# Fluval smartapp stopped responding



## fish+plants (Aug 16, 2019)

Hi, did you get it to work? I am considering the Fluvial Plant Bluetooth Nano LED for a 10 gallon tank, but keep hearing of issues with the app.


----------



## Wobblebonk (Feb 13, 2018)

I have initial issues connecting sometimes to a light where theres a lot of wifi and stuff going on, but other than initial connectivity no real issues with the app (besides the time in the schedule resets to 0:00/midnight on power outage) and I have uh 8 lights that use the fluval app, 4 nanos 1 48" 3.0 1 24" 3.0 and 2 30" aquasky


----------



## Streetwise (May 24, 2019)

I have five of the Fluval Planted Nano 3.0, and they have been great, especially with the new update. I believe they have a three-year warranty, so you should be able to get it taken care of.

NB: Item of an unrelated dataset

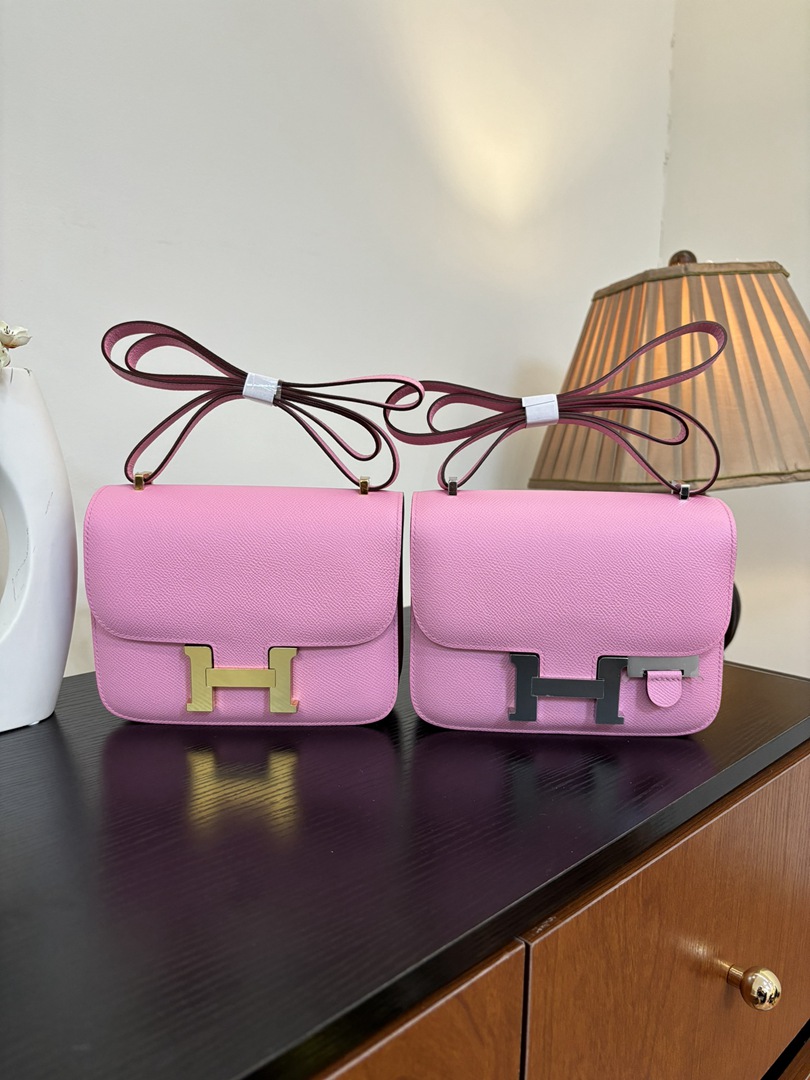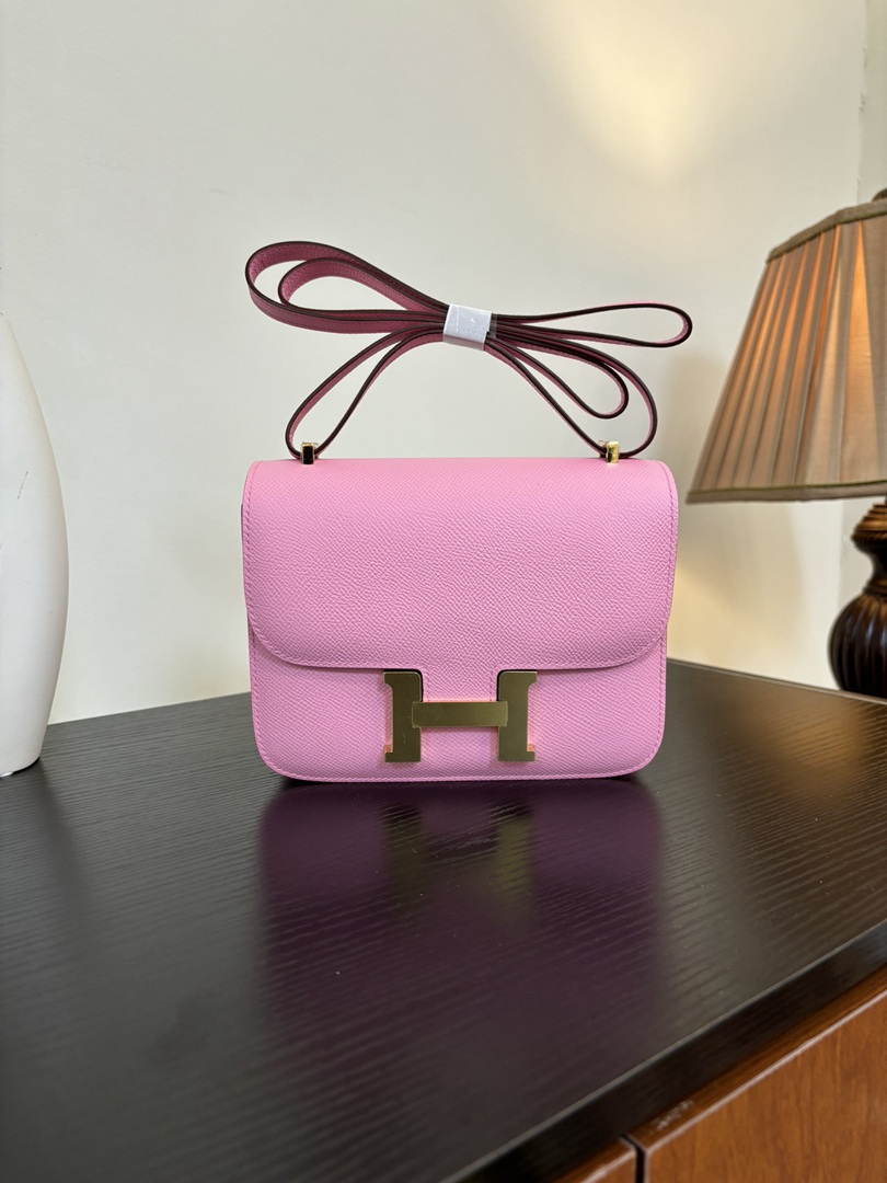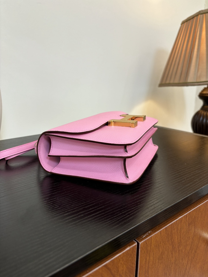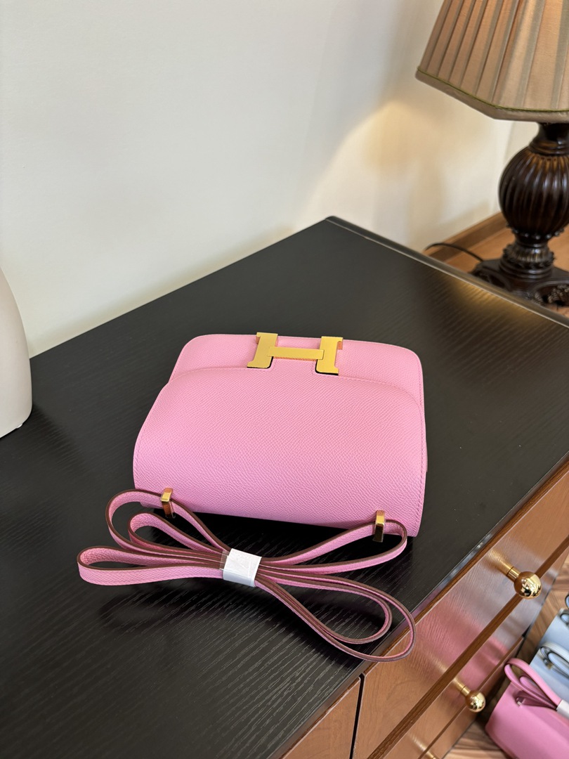 Hermes Constance Mini 18 Epson Shoulder Rose Azalee

I did see some posts saying some folks had to update from really close to the light, but I didn't do anything special when I updated, just same room.


----------



## Gill_Bates (Aug 22, 2019)

This is why I chose the Finnex HCL over the Fluval... I hate phone apps.. LOL


----------



## fish+plants (Aug 16, 2019)

Hi, thanks for responding! Yeah, would love to avoid an app, but my tank is a nano cube and other good plant lights are too big. I got a Kessil A80 Sun which is nice, but HATE HATE HATE the controller and it does not upgrade firmware for a MAC. So I am having 'issues' finding something I like that has ramp up, ramp down, dimming, etc. UGH!


----------



## greenthings (Aug 29, 2019)

I have had no issues so far. The light is very impressive for it's small size.


----------